# first experiments with resin



## gilljc (13 Feb 2015)

Been wanting to try resin inlays for a couple of years now, but never got round to it, found that searching for resins and pigments was difficult in the UK. Anyway just tried two different resins, both epoxy, one tinted and one a glitter resin. The pic is the lilac glitter resin which looks pretty promising, although it doesn't show up so well in the pic, the other one hasn't had it's picture taken, cos it nearly all oozed out the back through the masking tape - yuck what a disgusting mess!!!
Got another type of clear epoxy on order, but will be trying some more over the weekend - fingers crossed


----------



## Alexam (13 Feb 2015)

That's a good first attempt. Looks very promising for more and I await the results soon.

I'm presently interested in inlay work and methods used by members in this area.

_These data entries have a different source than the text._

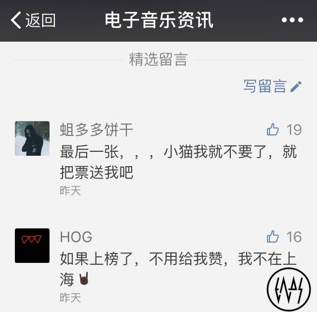 昨天送出两张门票,想知道是谁成为了幸运儿(也许是你过完年的第一场派对)?截止到今天18点,获得赞数最多的这两位朋友分别得到一张门票。来不来是你自己的事,反正我把票给你了,如果你不要那你浪费掉这一百块吧。请获奖的朋友将名字/电话发送至我们公众号后台,凭该信息即可入场。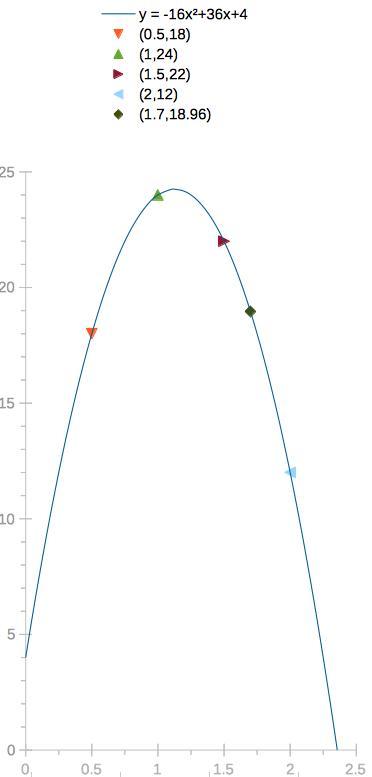 When x = 1.7, y = -16·1.7² + 36·1.7 + 4 = 18.96 ft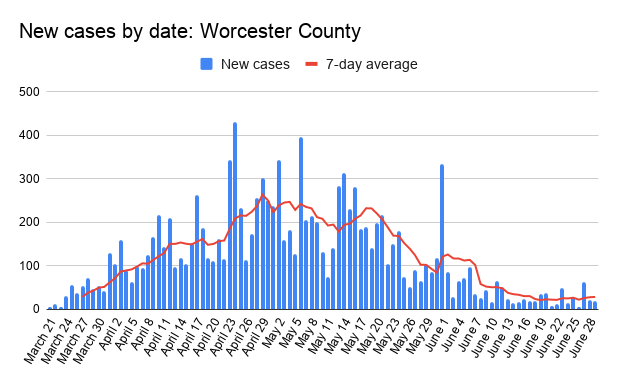 As of June 25, the City of Worcester reported 57 new coronavirus cases, adding to the 5,172 overall since the pandemic began. The city’s next coronavirus update will be made on Thursday.

Pity there isn't an Inlay-Veneer-Intarsia forum on UKW


----------



## Claymore (13 Feb 2015)

.......


----------



## 8squared (13 Feb 2015)

Looks good, will be interesting to see how far you can go with it and what designs you will come up with.


----------



## Walney Col (14 Feb 2015)

gilljc":19l5sa7p said:


> it nearly all oozed out the back through the masking tape - yuck what a disgusting mess!!!

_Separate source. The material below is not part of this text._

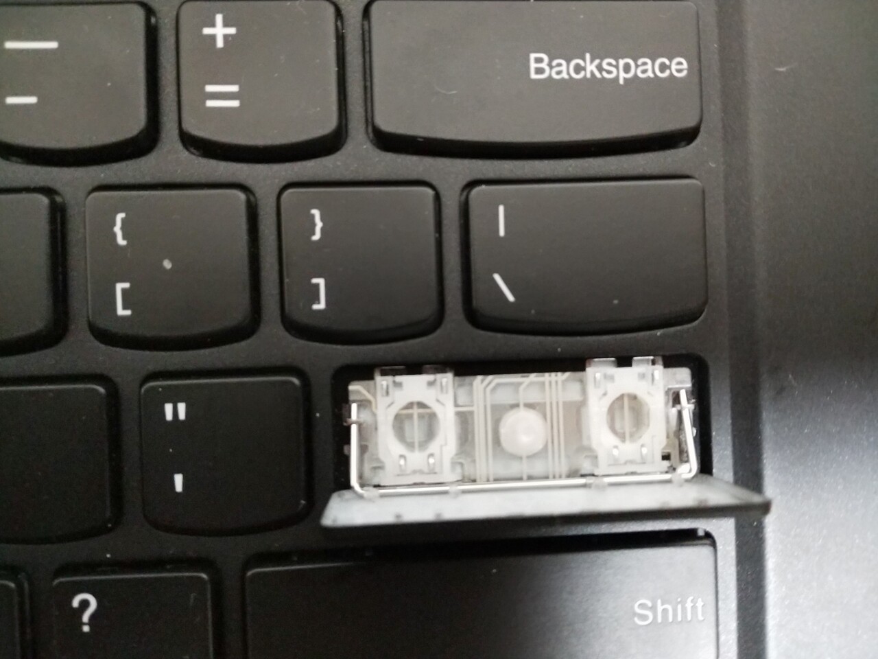 一番感触が悪い \ キーを外す。四隅を順番に爪でひっかけてゆっくり引っ張り上げていくとパチっと音がして外れた。この小さなキーにスタビライザーの金具がついててびっくり。パンタグラフの軸にワインの赤がみえるのでコンビニ弁当についてくるおてふきで拭き掃除。パーツが壊れるといやなのでパンタグラフは外さずに。スタビライザーの金具と、本体側の金具を滑らせる場所拭き掃除。

Try some of this stuff Gill, I love it for jobs that involve resin... 
http://www.ebay.co.uk/itm/1-Big-Rol...Scrapbooking_Glue_Tape_EH&hash=item1e84dd98a7
It sticks like crazy to almost anything peels off nicely and should put an end to messy leaks.
Col.


----------



## bodgerbaz (14 Feb 2015)

Good tip Col. Gill, also keep an eye out at Lidl and Aldi who also sell this tape on a regular basis.


----------



## jamiecrawford (19 Feb 2015)

So do you back the cut with tape, then pour the mixed resin in? If not, what's the process, in simple terms, please? I've been thinking about getting insects from eBay, and mounting them in forstner'd holes in resin.


----------



## Chippygeoff (19 Feb 2015)

Jamie. I found it difficult working with resins, the hardening times varied considerably despite mixing the same amount of resin/ hardener ever time. For what you have in mind it would be perfect as you would only need clear resin, I mixed colours with mine so that may have been the problem. I used to cover the back of the wood with wide masking tape and made sure it was really pressed home hard. Some of the members have mentioned sticky backed foil and this may be a better bet.


----------



## Claymore (19 Feb 2015)

.....


----------



## Walney Col (19 Feb 2015)

jamiecrawford":1uy5d2i8 said:


> So do you back the cut with tape, then pour the mixed resin in? If not, what's the process, in simple terms, please? I've been thinking about getting insects from eBay, and mounting them in forstner'd holes in resin.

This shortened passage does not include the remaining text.